## [TRY IT]
When you reach the line below that has "Custom Photo Christmas", start returning lines exactly, and stop after the line that has "Secaplatos Metal 2"; skip the pictures.

## [THE INPUT]
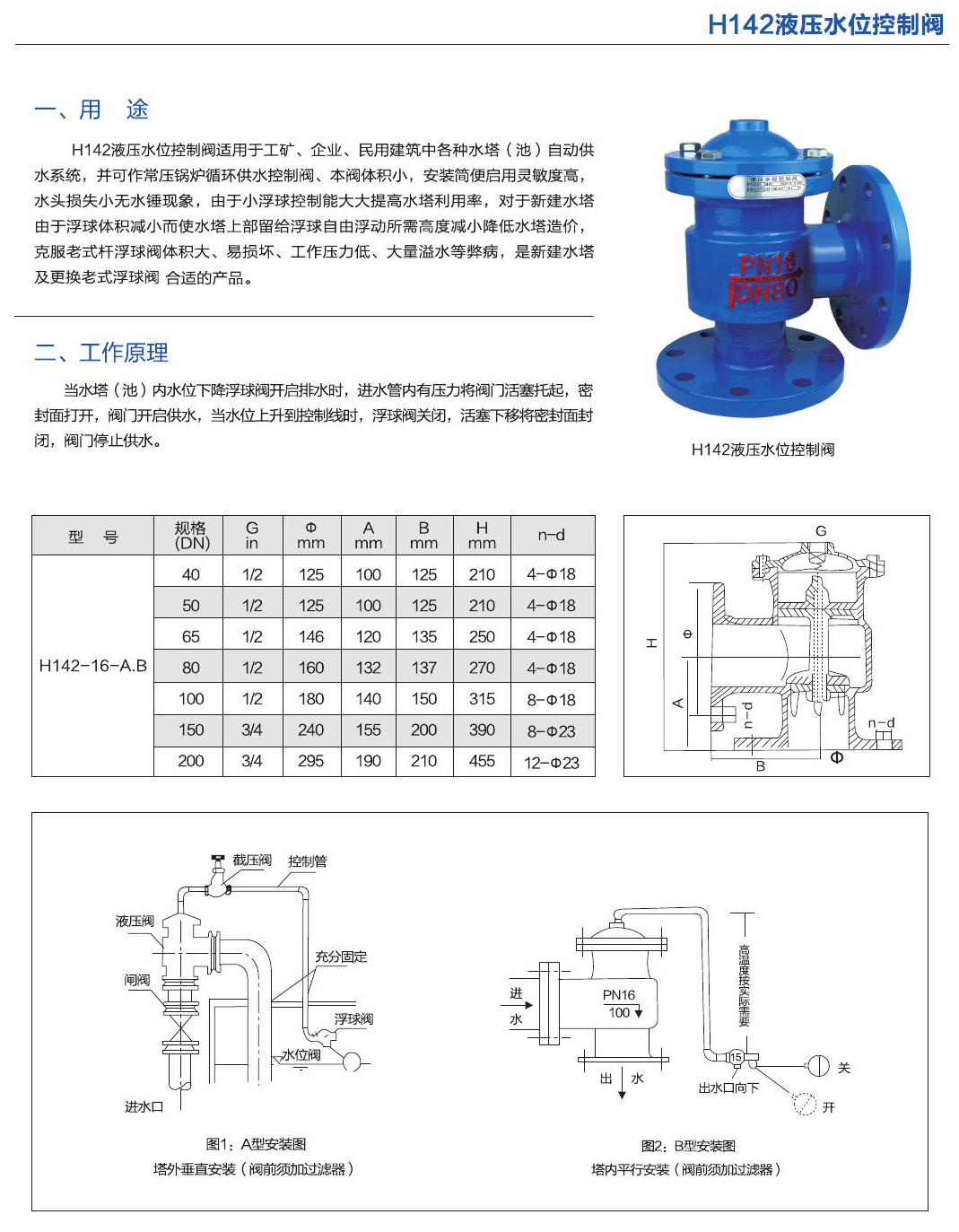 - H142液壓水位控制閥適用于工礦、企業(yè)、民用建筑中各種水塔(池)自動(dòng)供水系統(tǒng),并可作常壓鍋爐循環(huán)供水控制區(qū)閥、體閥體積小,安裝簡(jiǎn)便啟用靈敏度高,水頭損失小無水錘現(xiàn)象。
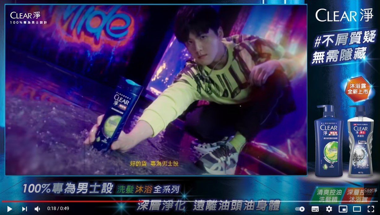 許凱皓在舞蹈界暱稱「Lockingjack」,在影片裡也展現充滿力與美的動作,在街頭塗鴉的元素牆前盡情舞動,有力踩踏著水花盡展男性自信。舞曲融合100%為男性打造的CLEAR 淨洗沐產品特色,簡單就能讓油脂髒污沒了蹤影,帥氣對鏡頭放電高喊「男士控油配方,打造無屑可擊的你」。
...
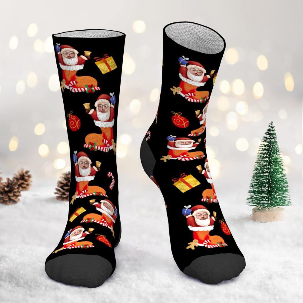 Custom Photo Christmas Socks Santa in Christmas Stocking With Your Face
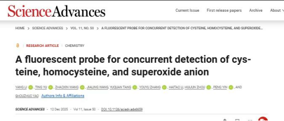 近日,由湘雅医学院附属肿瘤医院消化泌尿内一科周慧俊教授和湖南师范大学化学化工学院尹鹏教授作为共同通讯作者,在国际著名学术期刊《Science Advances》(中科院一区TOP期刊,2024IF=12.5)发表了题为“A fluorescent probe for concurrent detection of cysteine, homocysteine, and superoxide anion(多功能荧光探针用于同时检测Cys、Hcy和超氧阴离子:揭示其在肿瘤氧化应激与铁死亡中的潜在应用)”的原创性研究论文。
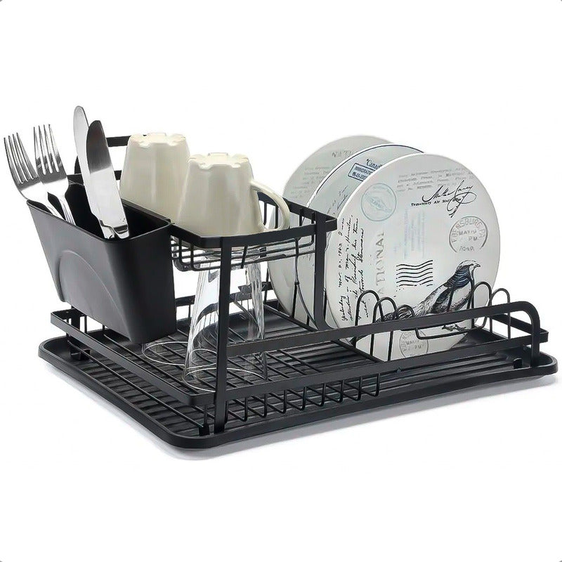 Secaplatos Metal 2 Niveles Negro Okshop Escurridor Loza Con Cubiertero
==
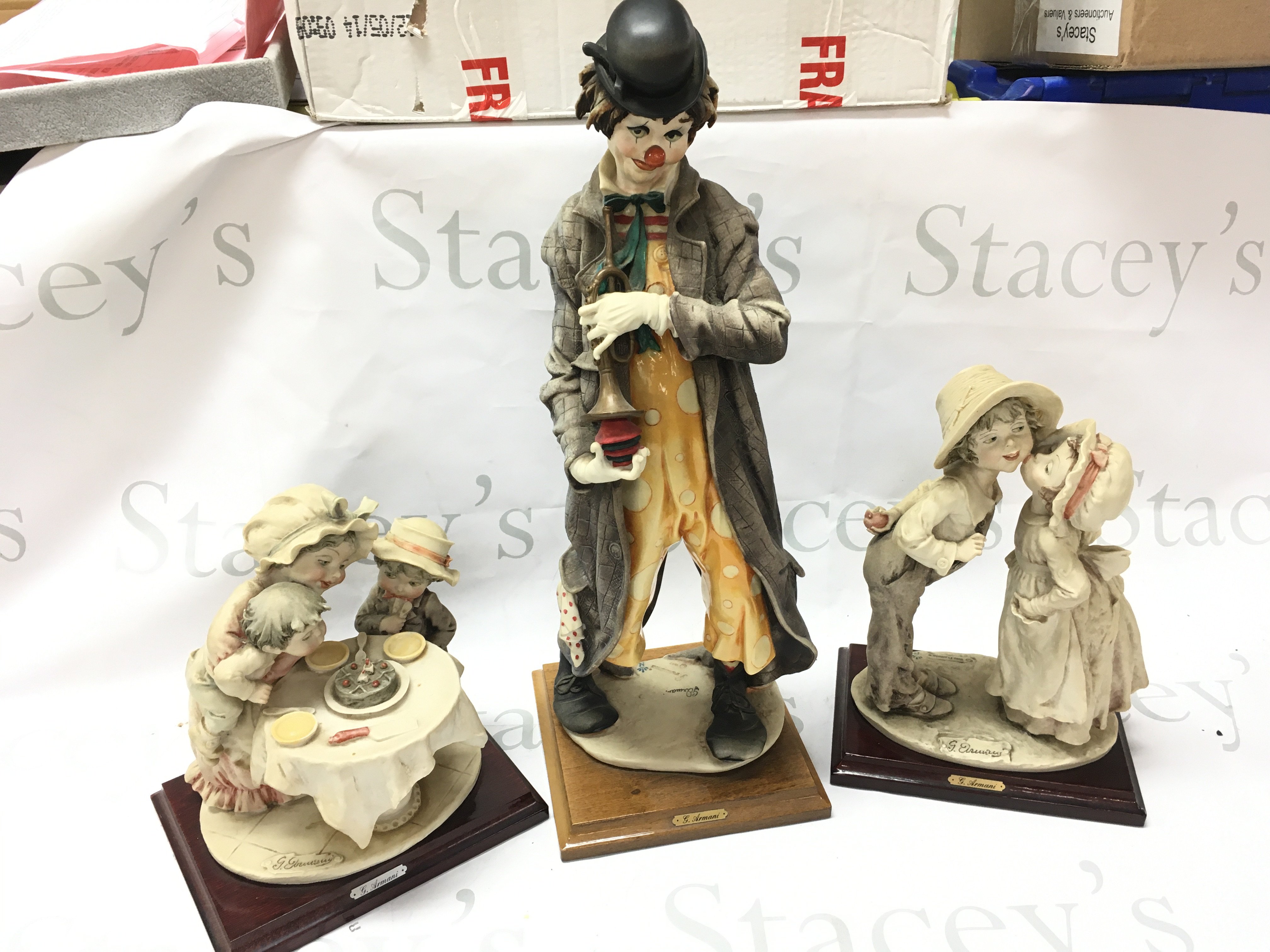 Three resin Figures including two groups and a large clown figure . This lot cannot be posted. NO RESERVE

## [THE ANSWER]
 Custom Photo Christmas Socks Santa in Christmas Stocking With Your Face
 近日,由湘雅医学院附属肿瘤医院消化泌尿内一科周慧俊教授和湖南师范大学化学化工学院尹鹏教授作为共同通讯作者,在国际著名学术期刊《Science Advances》(中科院一区TOP期刊,2024IF=12.5)发表了题为“A fluorescent probe for concurrent detection of cysteine, homocysteine, and superoxide anion(多功能荧光探针用于同时检测Cys、Hcy和超氧阴离子:揭示其在肿瘤氧化应激与铁死亡中的潜在应用)”的原创性研究论文。
 Secaplatos Metal 2 Niveles Negro Okshop Escurridor Loza Con Cubiertero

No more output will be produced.